**Source data**
============

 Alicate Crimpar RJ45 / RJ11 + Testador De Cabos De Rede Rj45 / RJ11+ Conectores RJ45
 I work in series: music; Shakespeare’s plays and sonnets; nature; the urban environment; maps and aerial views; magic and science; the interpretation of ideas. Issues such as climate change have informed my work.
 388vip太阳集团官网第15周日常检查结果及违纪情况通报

============

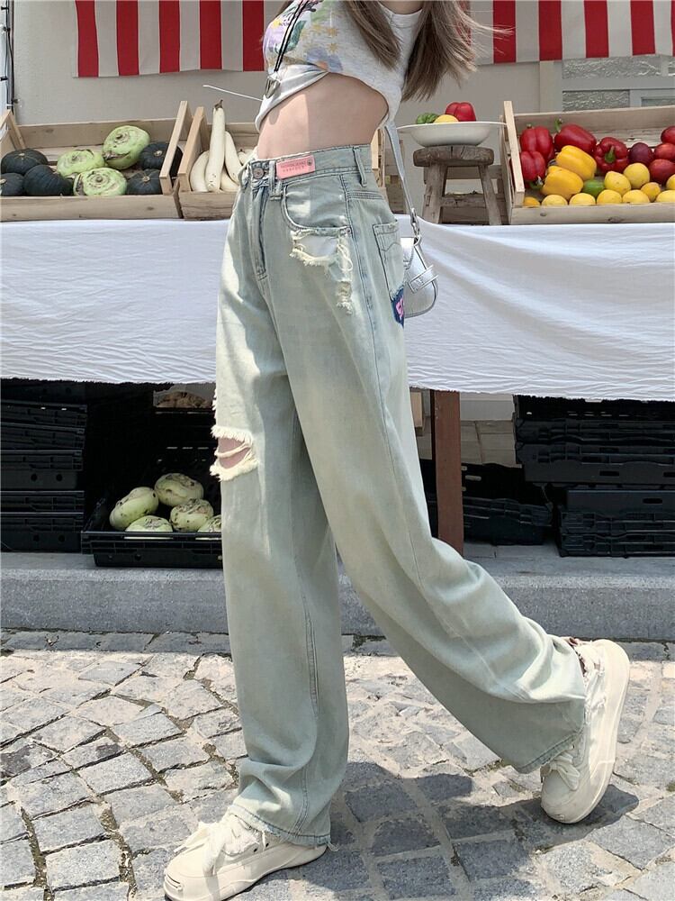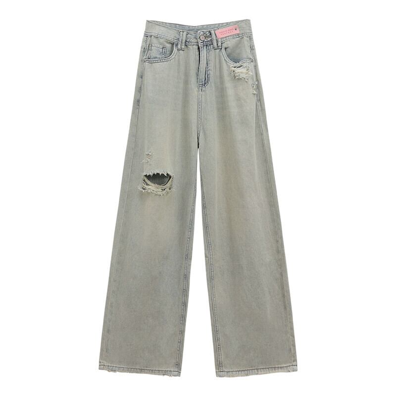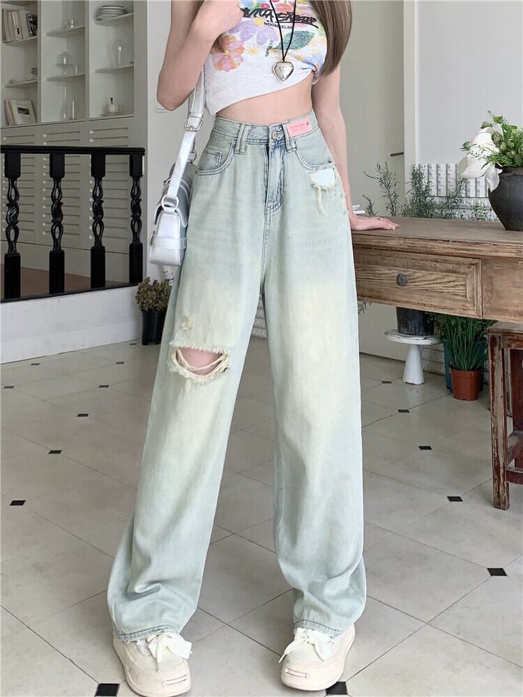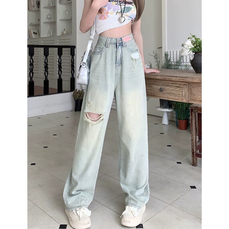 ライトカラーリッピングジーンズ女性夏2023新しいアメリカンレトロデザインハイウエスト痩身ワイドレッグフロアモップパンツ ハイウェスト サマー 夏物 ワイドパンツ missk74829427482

============

**Required action**
The reply should consist solely of the lines above from the one that has "I work in series: music;" through the one that has "388vip太阳集团官网第15周日常检查结果及违纪情况通报", reproduced exactly.

**Exercise result**
 I work in series: music; Shakespeare’s plays and sonnets; nature; the urban environment; maps and aerial views; magic and science; the interpretation of ideas. Issues such as climate change have informed my work.
 388vip太阳集团官网第15周日常检查结果及违纪情况通报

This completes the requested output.